Christos Gikas

Personal information
- Full name: Christos Gikas
- Nationality: Greece
- Born: 12 August 1976 (age 49) Gjirokastër, Albania
- Height: 1.66 m (5 ft 5+1⁄2 in)
- Weight: 60 kg (132 lb)

Sport
- Style: Greco-Roman
- Club: Olympiacos
- Coach: Aristidis Rubenyan

Medal record
Men's Greco-Roman wrestling
Representing Greece
Mediterranean Games
| Silver medal – second place | 2001 Tunis | 63 kg |

= Christos Gikas =

Greek wrestler (born 1976)

Christos Gikas (Χρήστος Γκίκας; born August 12, 1976, in Gjirokastër, Albania) is a retired amateur Greek Greco-Roman wrestler, who competed in the men's lightweight category. He won a silver medal in the 63-kg division at the 2001 Mediterranean Games in Tunis, Tunisia, and had been selected to the nation's Olympic wrestling team when Greece hosted the 2004 Summer Olympics in Athens.
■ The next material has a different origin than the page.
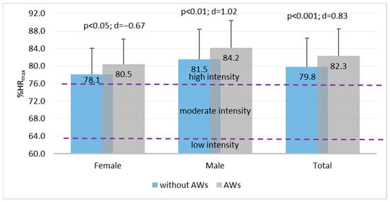 The study found that %Hrmaxmax was significantly lower (t = −4.23; p < 0.001; Cohen’s d = 0.83) for all participants playing AVGR without ankle weights (79.8 ± 6.5% HRmax) than when the ankles were loaded with the weights (82.3 ± 6.2% HRmax). Similar statistically significant relationships were observed in the separate analyses of the results obtained by men and women. For women playing without AWs, this parameter was 78.1 ± 5.9% HRmax and was significantly lower (t = −2.43; p < 0.05; Cohen’s d = −0.67) than while training in VR with AWs (80.5 ± 5.7% HRmax). Men were also significantly less fatigued (t = −3.69; p < 0.01; Cohen’s d = 1.02) exercising without (81.5 ± 6.9% HRmax) than with ankle weights (84.2 ± 6.3% HRmax). It should be stressed that regardless of the additional load on the legs, the intensity of PA during the game was at a high level recommended for health benefits (Figure 3).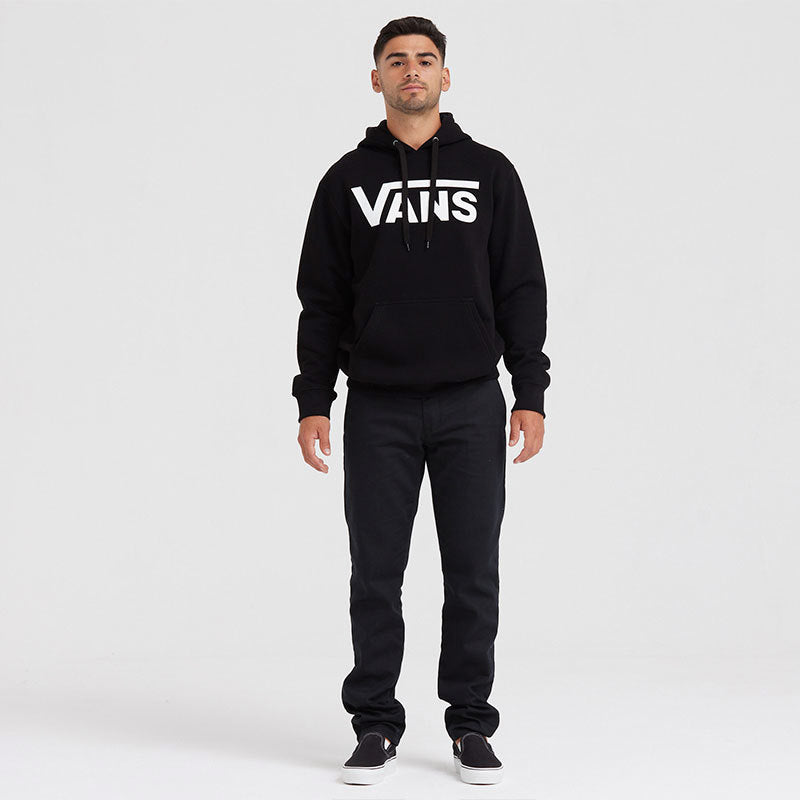 El buzo Vans Classic III PO color negro combina un estilo urbano con detalles clásicos de la marca. Confeccionado con capucha ajustable y bolsillo tipo canguro, presenta una estampa distintiva en el frente, etiqueta de marca y talle, grifa Vans en el lateral y cinta interior personalizada. Su calce cómodo lo convierte en una prenda versátil para el uso diario, ideal para complementar cualquier outfit casual.

Gikas also trained as a member of the wrestling squad for Olympiacos in Athens, under his personal coach Aristidis Rubenyan. As a player of Olympiacos, he won the European CELA Cup in 2006.

Gikas qualified for his naturalized Greek squad in the men's 60 kg class at the 2004 Summer Olympics in Athens. He filled up an entry by the International Federation of Association Wrestling and the Hellenic Olympic Committee, as Greece received an automatic berth for being the host nation. In front of the home crowd inside Ano Liossia Olympic Hall, Gikas lost three straight matches each to Turkey's Şeref Tüfenk (0–5), eventual Olympic silver medalist Roberto Monzón of Cuba (0–7), and two-time Olympian Ali Ashkani of Iran (1–6), leaving him on the bottom of the prelim pool and placing twentieth in the final standings.